I live in a city now where homelessness is rampant whereas in
Cuba, homelessness is unheard of.
Is the "bigger, better, more at any cost" lifestyle
of capitalism more humane than socialism? In America our lifestyle
is obtained off the backs of so many around the world. We have
to ask ourselves: Is it it worth it to drive an urban attack vehicle
that guzzles precious resources and belches toxic waste?
I hope the trade and travel embargo is lifted from Cuba soon.
Cubans suffer from having to import medical supplies and other
goods from China and Europe, and we suffer from being deprived
of the opportunity to travel to a beautiful country where the
people are welcoming and generous with the little that they do
have.
But with the notice that Fidel Castro is retiring after surviving
over 600 CIA assassination attempts, even Democratic hopefuls
parroted the corporate party line and there is slim chance of
a lifting of the US imposted embargo.
Since the USA has a detention facility on Cuban soil - where
we torture and hold humans in adverse conditions without the basic
human right of due process under the law - how can we condemn
Cuba for human rights violations?
After the fall of the Soviet Bloc, Cuba is learning to form positive
alliances with other countries in South America and I would challenge
our leaders to consider doing the same. Using our military to
spread corporate colonialism throughout Latin America has led
to the growth of populist governments (Venezuela and Bolivia for
example), and instead of trying to undermine these governments,
we should work with them to prove that we care more about humane
democracy and less about supporting oppressive governments.

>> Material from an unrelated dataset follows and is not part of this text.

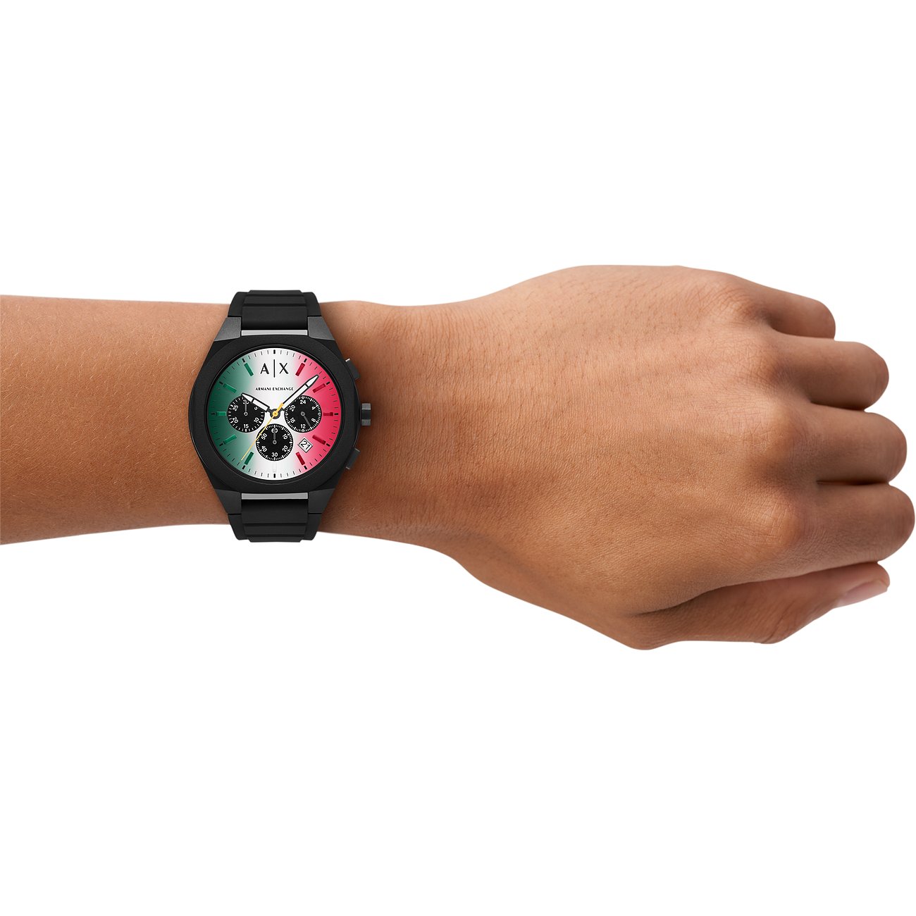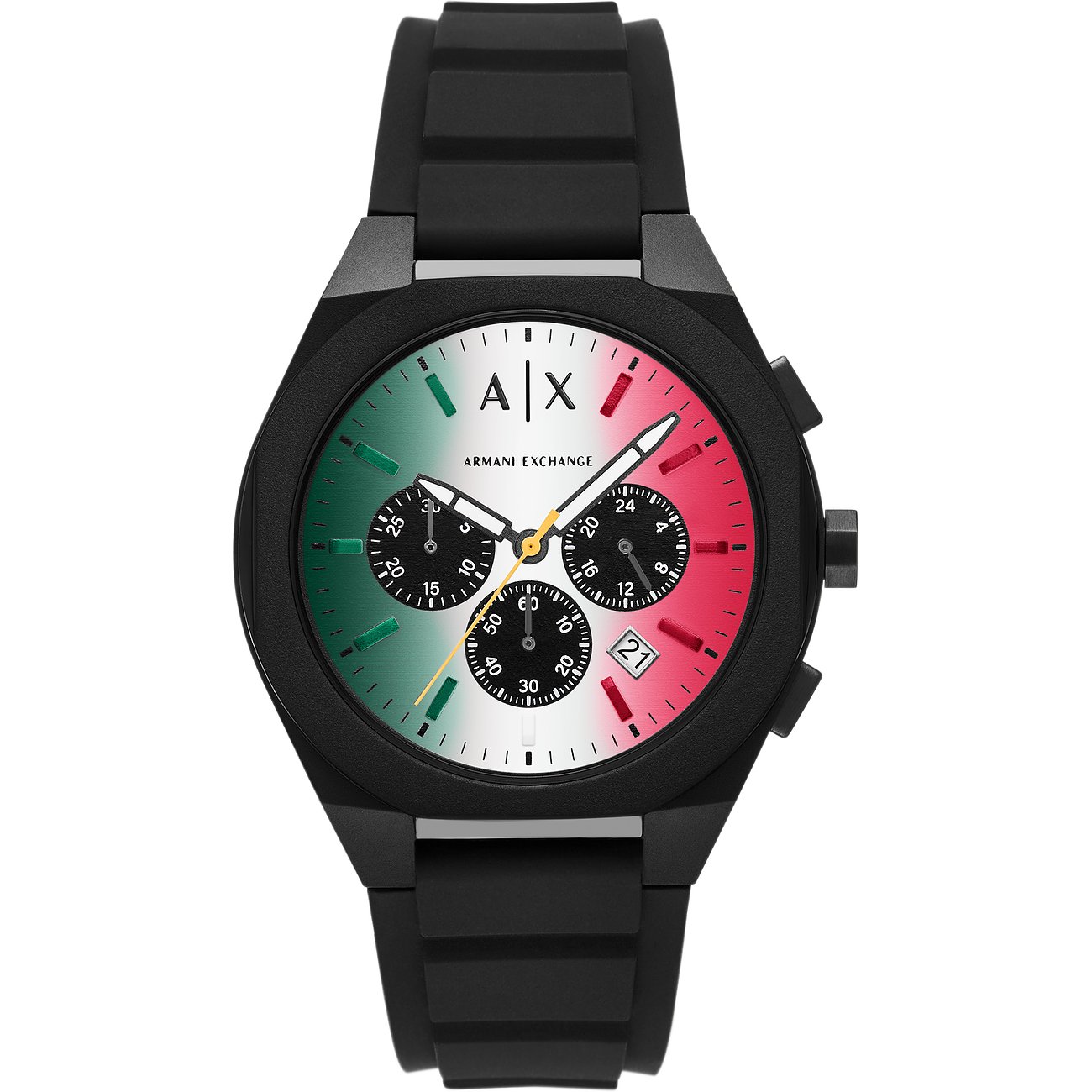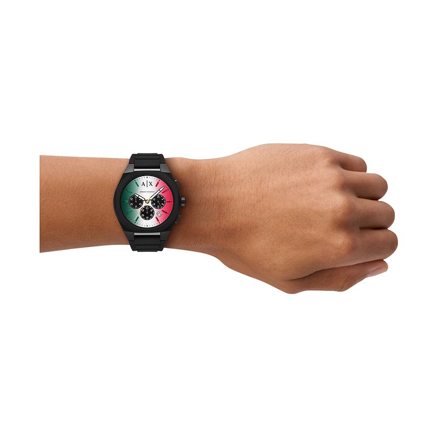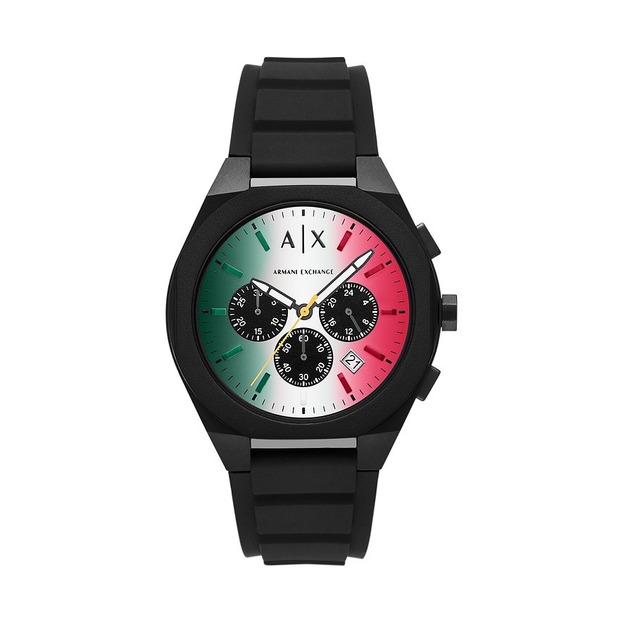 Uhren der Marke Armani Exchange, der jugendlichen Zweitlinie aus dem Hause Giorgio Armani, überzeugen mit einem von Street-Chic und Tanzmusikkultur inspirierten Stil und lassen hippe Herzen höher schlagen. Die Armani Exchange Holiday 2025 ist ein sportiver Chronograph für Männer, die bei Stil und Qualität keine Kompromisse machen wollen. Das Perlon/Nylongehäuse und das Silikonband bieten einen sportlichen Look vom Office bis in die Freizeit. Armband und Gehäuse der Armani Exchange Holiday 2025 sind beide schwarz, während das Ziffernblatt in Mehrfarbig einen besonderen Akzent setzt.

We need an "open-armed policy" with our neighbors in
this hemisphere, not an "armed and dangerous" persona.
America is certainly perceived as a bully all over the world but
in the case of Cuba, it could not be more exemplified.
The US talking tough on Cuba is like a lion roaring at a mouse.
Reaching across the channel with fair trade and open arms will
go farther towards Cuba becoming more free and democratic than
strengthening embargoes that hurt families and only strengthen
anti-democracy and anti-American sentiments.